You can use an integers table to generate sequential data, or provide missing data in an OUTER JOIN.

What is an integers table? Sometimes called a numbers or sequence table, an integers table is simply a table containing some integers. It's not a system table; it's a user table.

A user table is one that you have to create, because it doesn't come preinstalled with the database system. If you work in a team environment, ask around to see whether someone else has an integers table, and find out how they use it.

An integers table allows you to write queries which involve a range of values. Queries can use an integers table to do things such as:

  • Generate sequential data
  • Provide missing data in an OUTER JOIN

10.6.1. Create and Populate an integers Table

Your integers table should have a single column called i, which is defined as the table's primary key:

CREATE TABLE integers
( i INTEGER NOT NULL PRIMARY KEY )

Declaring i as the primary key guarantees you cannot accidentally populate the table twice.

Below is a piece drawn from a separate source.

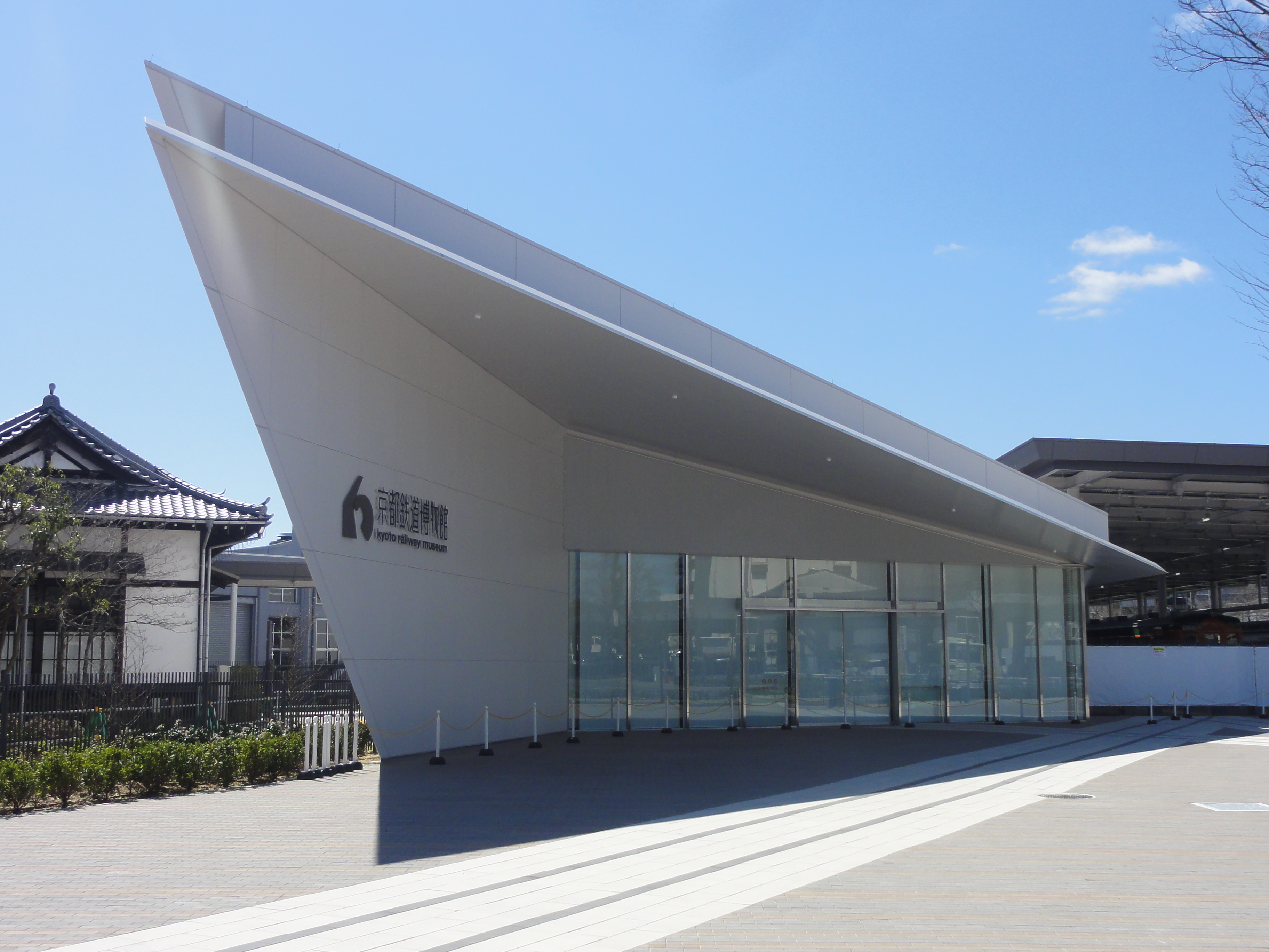 The entrance to the Kyoto Railway Museum

It also defines an index, which helps for optimization.

You can start by inserting the digits 0 through 9:

INSERT
 INTO integers (i)
VALUES
 (0),(1),(2),(3),(4),(5),(6),(7),(8),(9);

If your database system doesn't support that syntax, use this instead:

INSERT INTO integers (i) VALUES (0);
INSERT INTO integers (i) VALUES (1);
INSERT INTO integers (i) VALUES (2);
INSERT INTO integers (i) VALUES (3);
INSERT INTO integers (i) VALUES (4);
INSERT INTO integers (i) VALUES (5);
INSERT INTO integers (i) VALUES (6);
INSERT INTO integers (i) VALUES (7);
INSERT INTO integers (i) VALUES (8);
INSERT INTO integers (i) VALUES (9);

 

10.6.2. Generate Sequential Data

You may be wondering how useful the integers 0 through 9 can be. Watch carefully; this may seem like magic, but it isn't.

10.6.2.1. Numbers 099

Because the integers table has only the numbers 0 through 9, if you want more numbers, you need to do something more. So simply CROSS JOIN the integers table to itself, as in this query:

SELECT 10*t.i+u.i AS number
 FROM integers AS u
CROSS
 JOIN integers AS t
ORDER
 BY number
;

In a CROSS JOIN, every row of one table is joined to every row of the other. If your database system doesn't support CROSS JOIN syntax, use this instead:

SELECT 10*t.i+u.i AS number
 FROM integers AS u
 , integers AS t
ORDER
 BY number;

You may recognize the preceding code as an "old-style" join which is missing its WHERE clause. That's how we did cross-joins before the CROSS JOIN syntax was invented. If you've ever accidentally omitted the WHERE clause in this type of join, you already know what cross-join effects are.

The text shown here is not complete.